Some articles have information on funding, chemicals and genome banks:

.. code-block:: python

    >>> ab_fund = AbstractRetrieval("2-s2.0-85053478849", view="FULL")
    >>> ab_fund.funding
    [Funding(agency=None, string='CNRT “Nickel et son Environnement',
     agency_id=None, funding_id=None, acronym=None, country=None)]
    >> ab_fund.funding_text
    'The authors gratefully acknowledge CNRT “Nickel et son Environnement” for
    providing the financial support.
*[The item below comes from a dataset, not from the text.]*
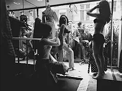 The shop was one of the new wave of fashionable boutiques that were revitalising Carnaby Street which before the early 1960s had been a down-at-heel area of mixed shops. Lady Jane was on the site of a former dairy.[5] Designer Marion Foale described the general Carnaby area in 1962 as follows: "People lived there, there was a dairy, a tobacconist, a newsagent – there was this little courtyard and everything… a proper village, though very run down."[6] The shop's name is an allusion to Lady Chatterley's Lover, which uses the term "Lady Jane" to mean female genitalia; The Rolling Stones released a song entitled "Lady Jane" at almost the exact same time as the boutique opened.[7][8]

The results reported in this publication
    are gathered from the CNRT report “Ecomine BioTop”.'
    >>> ab_fund.chemicals
    [Chemical(source='esbd', chemical_name='calcium',
              cas_registry_number='7440-70-2;14092-94-5'),
     Chemical(source='esbd', chemical_name='magnesium',
              cas_registry_number='7439-95-4'),
     Chemical(source='nlm', chemical_name='Fertilizers', cas_registry_number=None),
     Chemical(source='nlm', chemical_name='Sewage', cas_registry_number=None),
     Chemical(source='nlm', chemical_name='Soil', cas_registry_number=None)]
    >>> ab_fund.sequencebank
    [Sequencebank(name='GENBANK', sequence_number='MH150839:MH150870', type='submitted')]


You can print the abstract in a variety of formats, including LaTeX, bibtex, HTML, and RIS. For bibtex entries, the key is the first author's surname, the year, and the first and last name of the title:

.. code-block:: python

    >>> print(ab.get_bibtex())
    @article{Rose2019Pybliometrics:Scopus,
      author = {Michael E. Rose and John R. Kitchin},
      title = {{pybliometrics: Scriptable bibliometrics using a Python interface to Scopus}},
      journal = {SoftwareX},
      year = {2019},
      volume = {10},
      number = {None},
      pages = {-},
      doi = {10.1016/j.softx.2019.100263}}
    >>> print(ab.get_ris())
    TY  - JOUR
    TI  - pybliometrics: Scriptable bibliometrics using a Python interface to Scopus
    JO  - SoftwareX
    VL  - 10
    DA  - 2019-07-01
    PY  - 2019
    SP  - None
    AU  - Rose M.E.
    AU  - Kitchin J.R.
    DO  - 10.1016/j.softx.2019.100263
    UR  - https://doi.org/10.1016/j.softx.2019.100263
    ER  -


Downloaded results are cached to expedite subsequent analyses.  This information may become outdated.  To refresh the cached results if they exist, set `refresh=True`, or provide an integer that will be interpreted as maximum allowed number of days since the last modification date.  For example, if you want to refresh all cached results older than 100 days, set `refresh=100`.  Use `ab.get_cache_file_mdate()` to obtain the date of last modification, and `ab.get_cache_file_age()` to determine the number of days since the last modification.